→ **WORK TASK**
Each image should be skipped while the records are restated word for word.
==*==
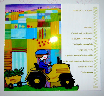 Hotela sem narediti novo fotografijo v boljših pogojih, a je bila voščilnica Kljunčku tako všeč, da jo ima ves čas po rokah, sploh traktor je zakon. Vsem po vrsti kaže, kje je traktor, kje fantek, ptički, drevesa, voz ... posledično pa voščilnica (beli del) ni več v najboljšem stanju. Za v album bom očitno morala narediti novo! V veselje pa mi je, ko vidim, kako se Kljunčku spremeni obrazek, ko zagleda voščilnico. Zasmeje se, malo potrese z glavico in že z roko potuje k njej.Všeč mi je, kako se podoba jate ptic ujema s traktoristom. Tik nad njegovo glavo so.
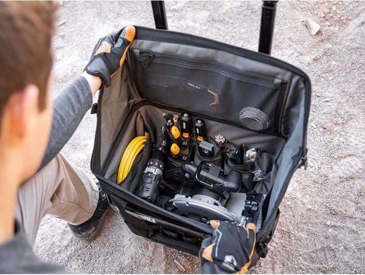 Sac à outils XXL TOUGHBUILT TB-CT-61-22 avec ouverture massive brevetée 38 cm, volume 115 L, base rigide étanche et roues tout-terrain pour une organisation professionnelle ultra-robuste.
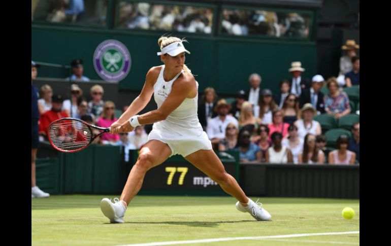 LONDRES, INGLATERRA (04/JUL/2017).- La tenista alemana Angelique Kerber, número uno mundial, avanzó a segunda ronda del torneo de Wimbledon al derrotar a la estadounidense Irina Falconi por un doble 6-4.La ausencia por embarazo de la estadounidense Serena Williams abre la puerta a una ganadora inédita en la hierba de Wimbledon, y Kerber es, a los 29 años, la favorita.En la próxima ronda, la alemana se medirá a la ganadora del duelo entre la belga Kirsten Flipkens y la japonesa Misaki Doi.
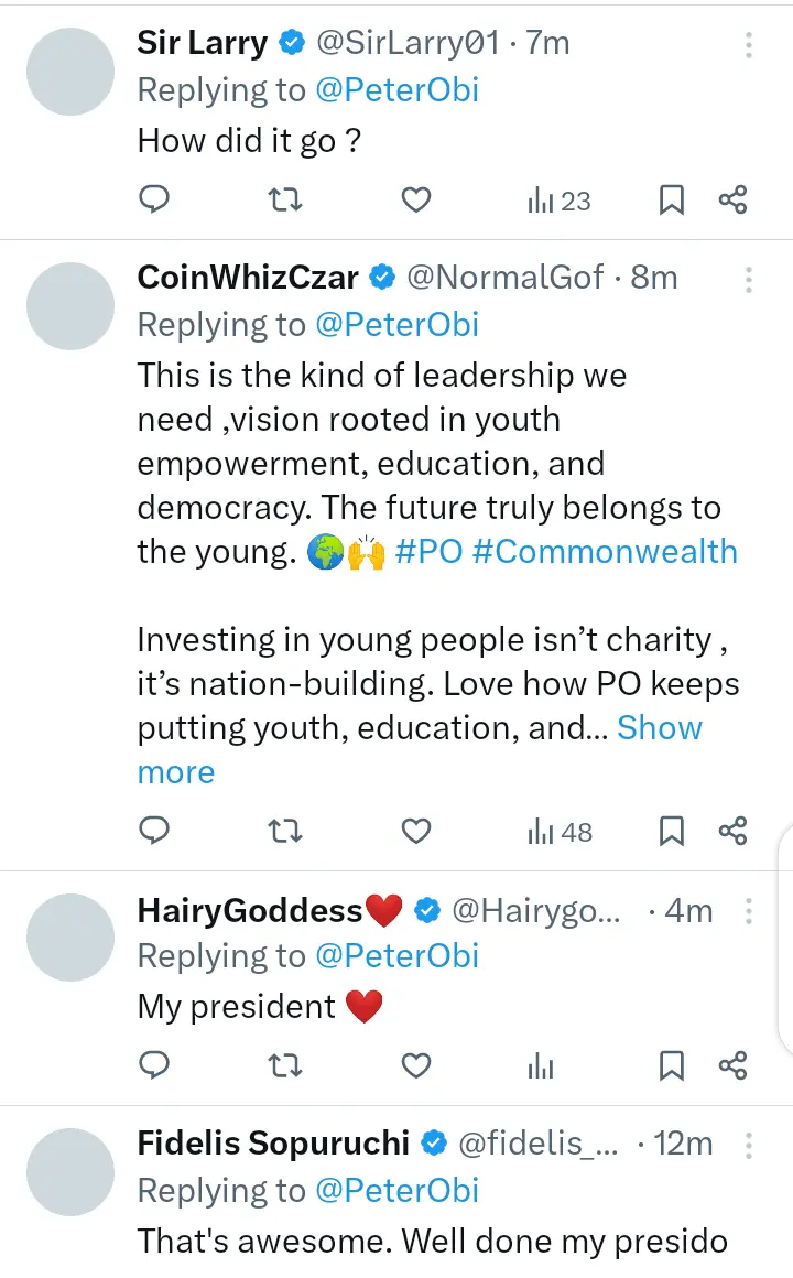 Peter Obi said during his time with the Commonwealth Secretary-General, they discussed about promoting democracy, deepening the rule of law and empowering young people across Commonwealth nations
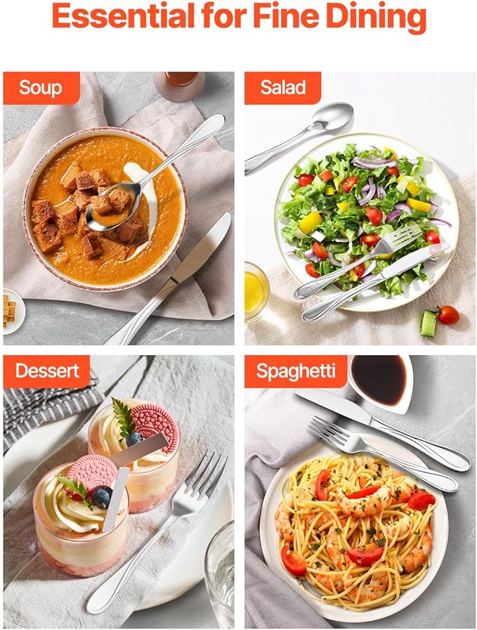 - High-Quality Stainless Steel: Made from premium 18/10 stainless steel, this tableware cutlery set is durable, corrosion-resistant, and rust-proof with excellent balance. The smooth-edged design ensures comfort during use. Dishwasher safe and perfectly weighted, it is designed for long-lasting use
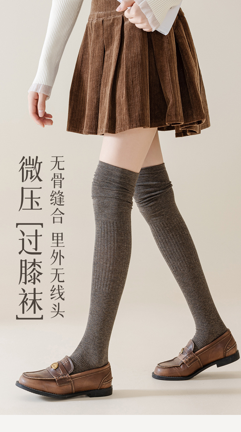 一体色紡織圧力過膝靴下骨なし抗菌防臭抗起球綿質吸汗微圧中厚タイプ圧力靴下
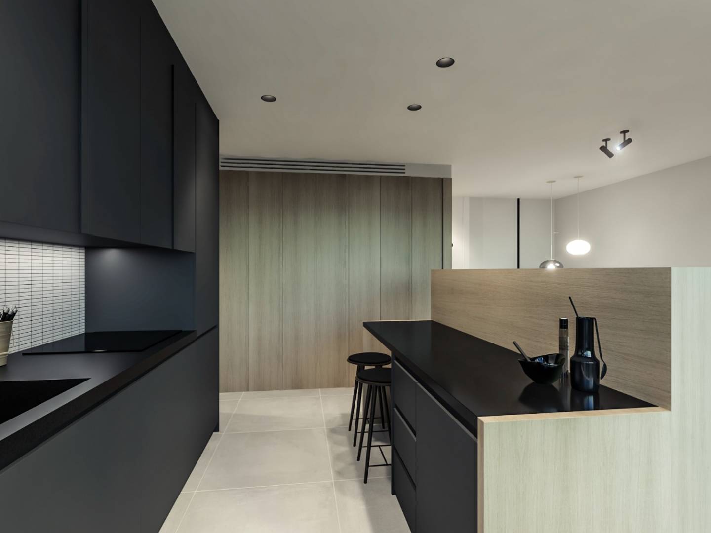 Les cuisines sont modernes et très fonctionnelles, avec des lignes droites et des matériaux durables. Elles sont équipées de plans de travail compacts en quartz et de robinets mélangeurs à basse pression pour réduire la consommation d'eau. De plus, les cuisines seront livrées entièrement équipées, avec notamment une hotte aspirante intégrée, un four électrique, un micro-ondes, une plaque à induction, un lave-linge, un lave-vaisselle et un réfrigérateur.
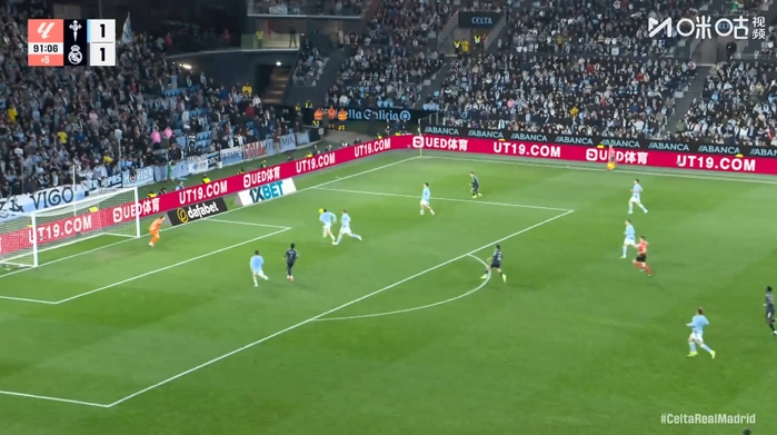 03月07日讯 西甲第27轮,塞尔塔主场迎战皇家马德里,比赛将进入补时时,导播手误将补时时间加成了50分钟,随后修正为正确的5分钟。
==*==
→ **SOLUTION TO THE PROBLEM**
 Hotela sem narediti novo fotografijo v boljših pogojih, a je bila voščilnica Kljunčku tako všeč, da jo ima ves čas po rokah, sploh traktor je zakon. Vsem po vrsti kaže, kje je traktor, kje fantek, ptički, drevesa, voz ... posledično pa voščilnica (beli del) ni več v najboljšem stanju. Za v album bom očitno morala narediti novo! V veselje pa mi je, ko vidim, kako se Kljunčku spremeni obrazek, ko zagleda voščilnico. Zasmeje se, malo potrese z glavico in že z roko potuje k njej.Všeč mi je, kako se podoba jate ptic ujema s traktoristom. Tik nad njegovo glavo so.
 Sac à outils XXL TOUGHBUILT TB-CT-61-22 avec ouverture massive brevetée 38 cm, volume 115 L, base rigide étanche et roues tout-terrain pour une organisation professionnelle ultra-robuste.
 LONDRES, INGLATERRA (04/JUL/2017).- La tenista alemana Angelique Kerber, número uno mundial, avanzó a segunda ronda del torneo de Wimbledon al derrotar a la estadounidense Irina Falconi por un doble 6-4.La ausencia por embarazo de la estadounidense Serena Williams abre la puerta a una ganadora inédita en la hierba de Wimbledon, y Kerber es, a los 29 años, la favorita.En la próxima ronda, la alemana se medirá a la ganadora del duelo entre la belga Kirsten Flipkens y la japonesa Misaki Doi.
 Peter Obi said during his time with the Commonwealth Secretary-General, they discussed about promoting democracy, deepening the rule of law and empowering young people across Commonwealth nations
 - High-Quality Stainless Steel: Made from premium 18/10 stainless steel, this tableware cutlery set is durable, corrosion-resistant, and rust-proof with excellent balance. The smooth-edged design ensures comfort during use. Dishwasher safe and perfectly weighted, it is designed for long-lasting use
 一体色紡織圧力過膝靴下骨なし抗菌防臭抗起球綿質吸汗微圧中厚タイプ圧力靴下
 Les cuisines sont modernes et très fonctionnelles, avec des lignes droites et des matériaux durables. Elles sont équipées de plans de travail compacts en quartz et de robinets mélangeurs à basse pression pour réduire la consommation d'eau. De plus, les cuisines seront livrées entièrement équipées, avec notamment une hotte aspirante intégrée, un four électrique, un micro-ondes, une plaque à induction, un lave-linge, un lave-vaisselle et un réfrigérateur.
 03月07日讯 西甲第27轮,塞尔塔主场迎战皇家马德里,比赛将进入补时时,导播手误将补时时间加成了50分钟,随后修正为正确的5分钟。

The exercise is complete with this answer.